You can also use terminalcast as a library in your own projects.

from terminalcast import FileMetadata, TerminalCast, create_tmp_video_file

# 1. Get file metadata
filepath = "my_video.mp4"
media_file = FileMetadata(filepath=filepath)
print(media_file.details())

# 2. Select an audio stream (e.g., the first one)
audio_stream = media_file.audio_streams[0]

# 3. (Optional) Create a temporary file if a different audio track is needed
# This shows a progress bar and can take a callback for progress updates
def my_progress_callback(progress: float):
    print(f"Conversion progress: {progress:.2f}%")
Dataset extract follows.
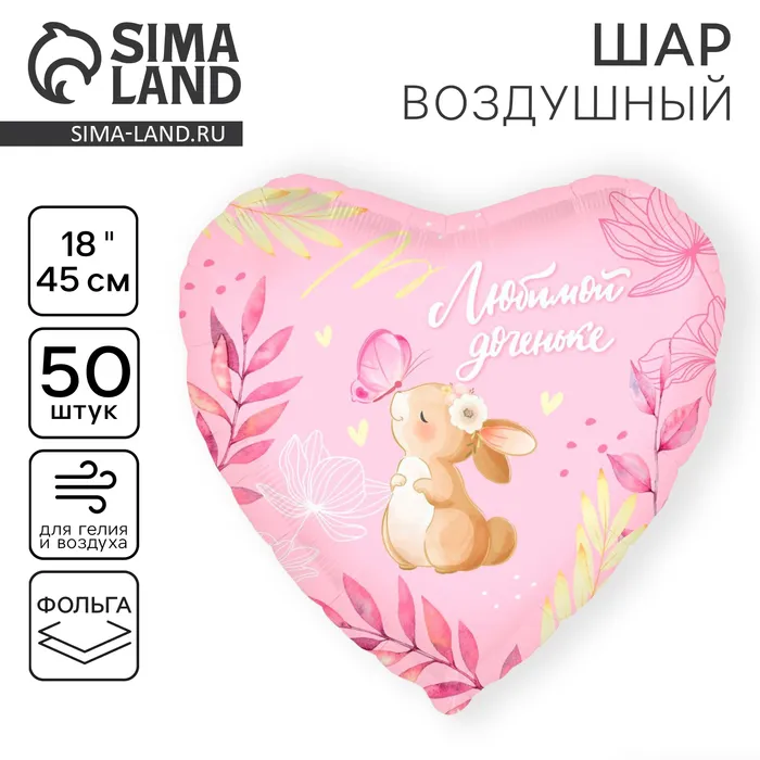Воздушные шары фольгированные 18" «Любимой доченьке», сердце, 50 шт. — Характеристики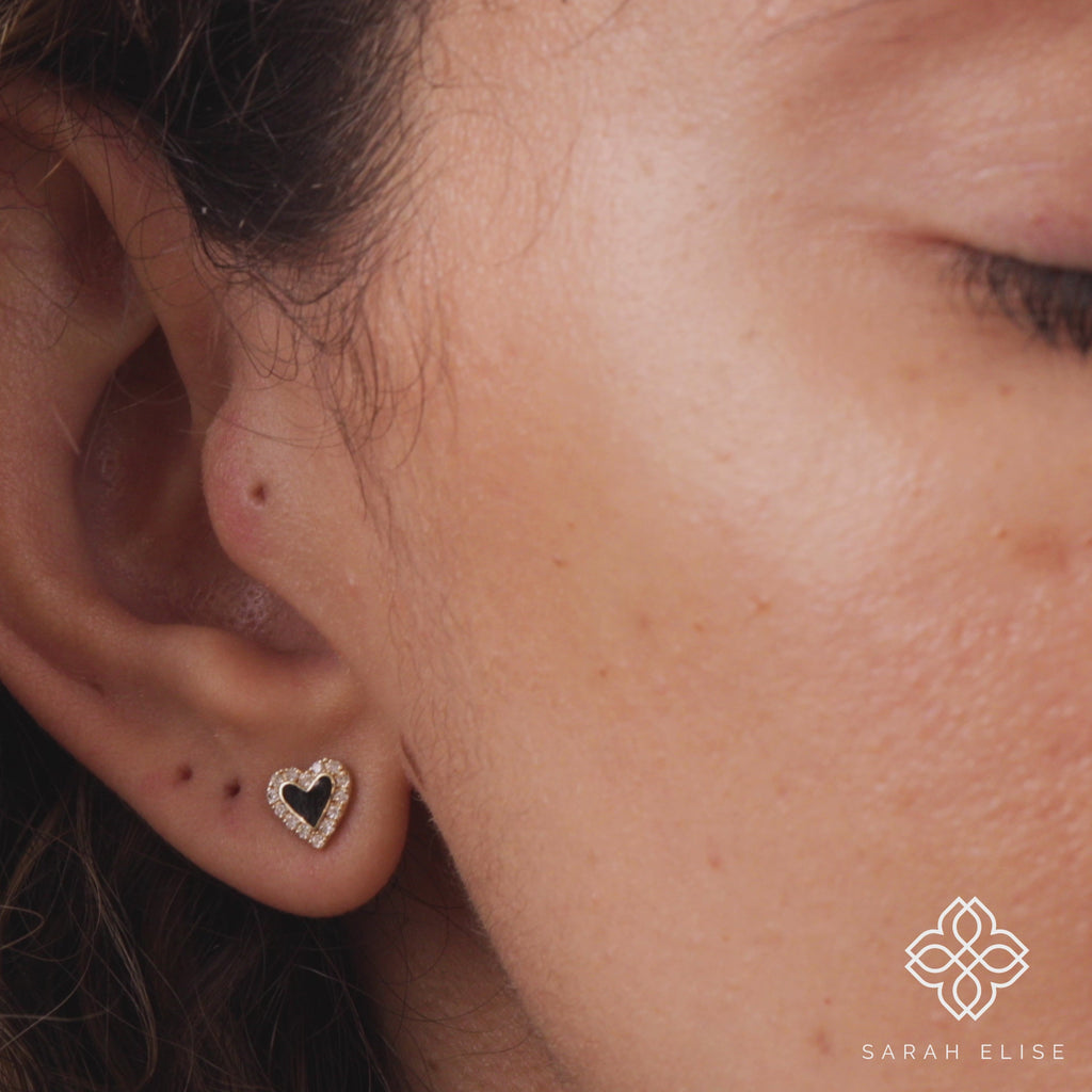Gold Black Enamel Heart Earrings with Natural White Diamonds

tmp_filepath = create_tmp_video_file(
    filepath=filepath,
    audio_index=audio_stream.index[-1:],
    duration=media_file.duration,
    progress_callback=my_progress_callback
)

# 4. Initialize TerminalCast
# You can pass known_hosts as a list of IPs
tcast = TerminalCast(
    filepath=tmp_filepath or filepath,
    select_ip=False,  # or True for interactive selection, or a specific IP string
    known_hosts=["192.168.1.50"]
)

# 5. Start the server and play
print(f"Casting to: {tcast.cast.cast_info.friendly_name}")
tcast.start_server()
tcast.play_video()

# The video is now playing. The script will block here until playback is active.
# You might want to add logic to handle server shutdown, etc.

How is it working?

Terminalcast creates a little HTTP Server at your current machine and serves your media file there. Then it tells the Chromecast the play the stream served at your IP with the corresponding path. That's it! (The devil is in the details.)

Terminalcast uses Bottle to create a small app providing the media file. This app is served by Waitress.

On the other hand Terminalcast detects and plays the media via PyChromecast.

For file information and conversion ffmpeg-python is used.